Let’s face it: Not all fences are created equally; and while installing any type of fence in the backyard for pets is better than not having a fence at all, there are many factors to consider before purchasing including cost, material, and intrusive wildlife. For now, let’s discuss why it’s best to stay clear of chain-link fences and in-ground wireless fences for pet playtime.
Chain Link Fences
Chain-Link Fences are one of the most commonly used fence types to secure dogs in yards. While cost may be a contributing factor for why homeowners choose chain-link fences, there are major turn-offs that will make pet owners think twice about using them. For starters, chain-link fences are a pain to install without the help from professional installers (adding to the cost of the fence). They are heavy and hardly pliable. To make matters worse, chain-link fences are ugly; and they cheapen the look of houses. For homeowners that have placed houses on the market for sell, the elegance of the fence could be a deterrent for perspective home buyers.
Chain-link fences will eventually corrode because they are strictly made from a galvanized steel that will become brittle from years in the sun, rain, and other environmental elements; and for pet owners with dogs that like to chew, they will find themselves with a mouth full of rust.

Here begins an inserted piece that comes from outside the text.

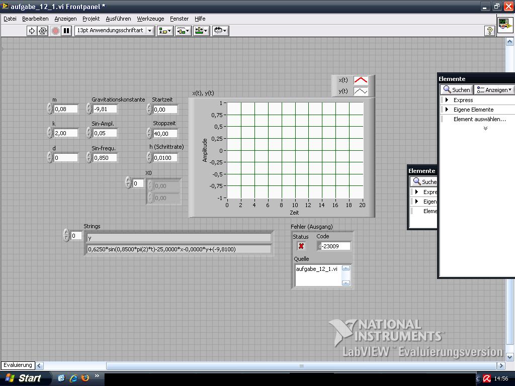 Hallo ich habe ein Problem bei dieser Aufgabe aus dem Buch "Einführung in LabVIEW" Kapitel 12 DGL_ODE2.vi ich kriege immer die Fehlermeldung Code:-23009 ich habe nachgesehen und es heißt ich habe möglicherweise falsche Eingaben gemacht. Aber ich habe genau das gleiche wie im Buch eingegeben und trotzdem taucht auf dem graphen nichts auf und der fehlercode erscheint. Ich habe das vi angehängt vllt kommt einer von euch darauf was nicht stimmt!!!

Electronic fences can be great training tools for puppies to teach them where they can and cannot go around homes; but overall, this type of fence is the most inhumane type of fence. Wireless fences use underground transmitters to deliver a harsh noise or shock to dogs to teach them a lesson. When pet owners use this type of fence, what they are really teaching animals is to be scared to walk the perimeter of the yard. Wireless fences are psychologically and physically damaging and should not be used on any dog breeds. The health of animals is far more important than the exterior look of a property.

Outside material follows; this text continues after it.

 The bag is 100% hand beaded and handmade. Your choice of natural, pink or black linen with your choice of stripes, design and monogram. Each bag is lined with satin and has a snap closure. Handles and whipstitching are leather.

There are pet fences on the market that are both aesthetically pleasing and harm-free for animals. For pet owners looking for alternatives to chain-link fences and in-ground dog fences, they should consider trying a polypropylene or PVC-coated steel fence.

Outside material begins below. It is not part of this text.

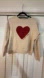 Stylish cream sweatshirt featuring a bold red heart design. Perfect for casual wear.

There are many reasons why these fences are better for both homeowners and pets. For one, many homeowners’ associations frown on fences that obtrude neighbor’s views of landscapes. However, these fences are black in color and will blend into landscapes. They are also lightweight and easier to work with than chain-link fences. Most importantly, they will not hurt domestic and non-domestic animals including feral cats and wildlife. The type of fence, including height, will depend on the attributes of the dog.
Poly Dog Fences
Plastic dog fences are an excellent choice for small and low energy dogs. Poly dog fences are lightweight and easy to assemble for the general homeowner. Additionally, they are UV-stabilized and will stand up to severe weather conditions. While this material is not chew-proof, it does have a certified breaking strength between 650 pounds – 1400 pounds and will last 10-20 years outdoors.
PVC-Coated Metal Dog Fences
For pet owners with large and rambunctious dogs that jump, chew and dig, it’s best to stay clear of plastic dog fences. Instead, a metal dog fence with PVC-coating is better suited to secure these types of dogs. Like poly dog fences, these fences are easy, DIY projects. While chain-link fences are stronger than plastic fences, they are not coated in PVC; and thus, do not offer added material protection. PVC prevents chew marks from reaching metal fence mesh while working to protect steel from sun and rain exposure. Metal dog fences are decorative around landscapes and will last up to 30 years.
Dogs require at least 30 minutes of daily activity to stay fit; and fences are a convenient way to allow dogs to play with other animals; bond with pet owners; and get fresh air. Pet owners want what’s best for their animals; and that is why it’s best to choose a safe pet fence that will keep them satisfied for many years.